Overall, I’d also like to thank Chris Luffingham who really did everything he could as a campaign manager nationally. Unlike 2009, he made quick and decisive decisions, used the cash available and decisions like the one to put mini-manifestos inside the Liverpool Echo a day before polling day, undoubtedly helped our 3 winning council candidates here on Merseyside.

I think Natalie Bennett had a really good election for us. She has worked incredibly hard over the 2 years since she won the leadership election and delivered on more councillors and our first increase in MEPs since 1999, despite a national swing against us. We have to acknowledge that we also got back a bit of the luck that eluded us in 2009, when we missed out narrowly in four regions. In the South West, we managed an increase in vote bucking the national tread (lots of reasons and I’ll allow SW writers to explain these), finished ahead of the Lib Dems by 6,000 ish votes, benefited from the absence of any other “left of Labour” list like NO2EU, and saw “An Independence from Europe” list take enough votes off UKIP to allow us to sneak in.

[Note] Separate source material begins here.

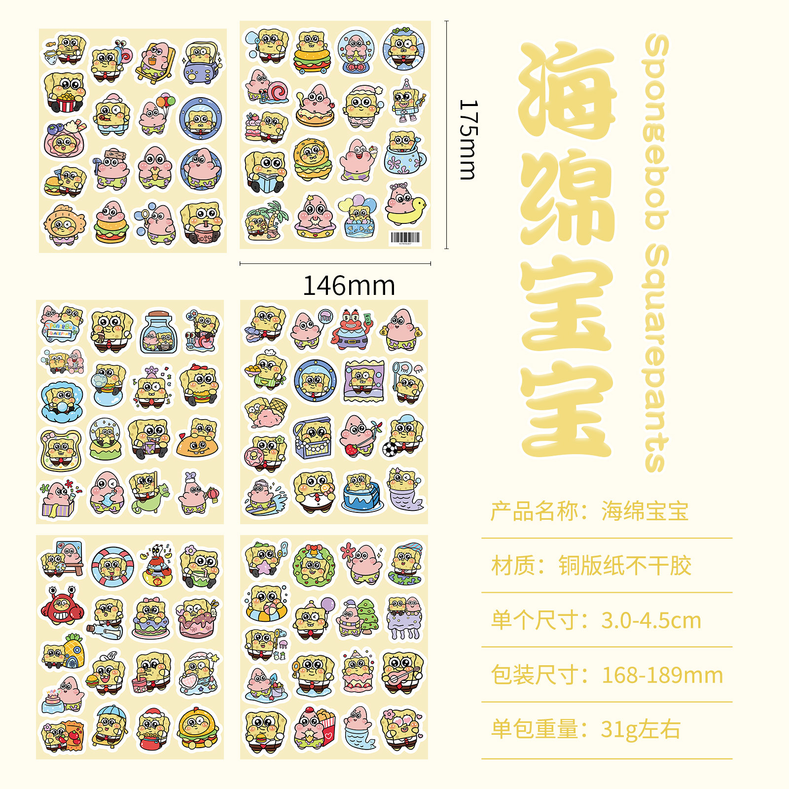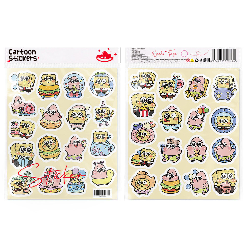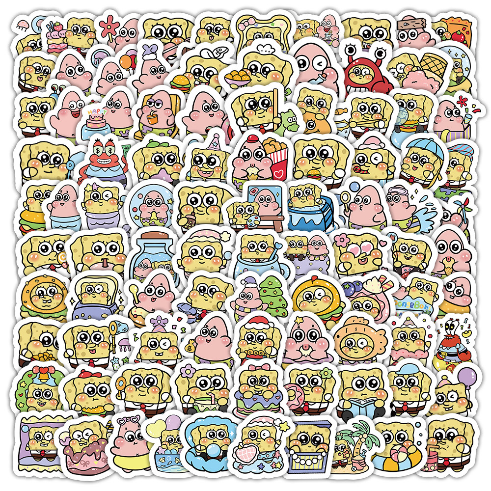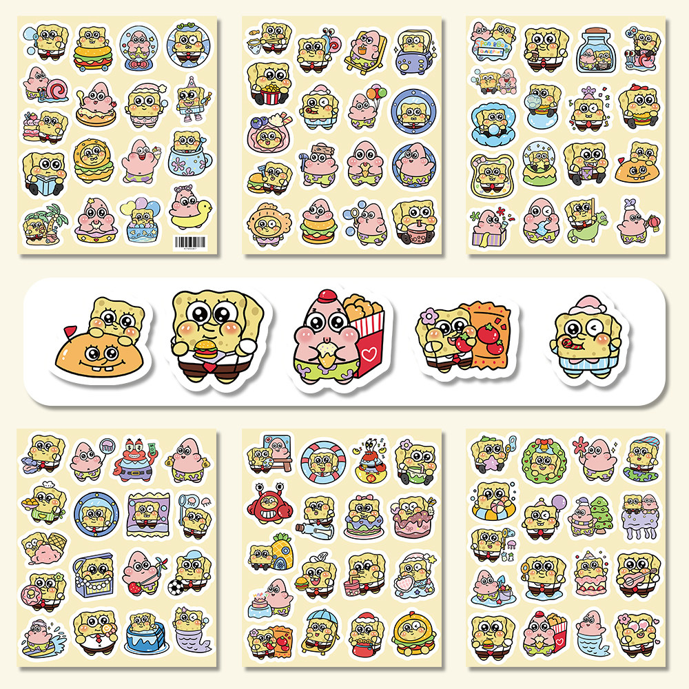 204张海绵宝宝派大星卡通动画贴纸手账本装饰手机行李箱标签贴画

On a personal note, I’m sorry that I couldn’t match the travelling and appearances I managed from 2007 to 2009. While I did my best as lead candidate, I had to manage that along with a full time job and still seeing my family. In the previous election, I had sold my flat so I could work part time for two and a half years and that was a one off. The lead candidate can make a difference and I felt that in 2009 I was able to put us into contention. However even if I had given up my job and hit nearly every town in the North West in the last two years, it probably wouldn’t have been enough to counter the national swing and the much higher threshold to win that last seat. Had I won the leadership election, and not Natalie, then there probably would have been a boost for our region, but I think nationally we should recognise that our increase in membership, councillors and an additional MEP is a successful track record so far.

It is really vital that we start the preparations for 2019 as early as possible. My strong preference is that we start to build for that Euro Election in the North West as soon as possible, and that potential lead candidates can start putting in place plans. Like Rupert Read has admirably done in Eastern region, I think it is the right thing to let people know now that I won’t be seeking the lead nomination next time after filling this role twice. This is a hard thing to do but we need the next generation of Greens to come through, and we need to avoid incumbent lead candidates becoming “seat blockers” because they have a profile in the region. I’ll be 47 next time and hope we’ll have a new lead candidate from the next generation in the party coming through to win that seat. My role, eventually I hope as a number 2 or 3 list candidate in the North West next time, will be to use my experience to support that person between now and 2019.

You never know in politics, but there are some really exciting developments in Liverpool for me to be working on, and I’m looking forward to that challenge. I'll be writing again about the 2015 General Election and politics on Merseyside soon.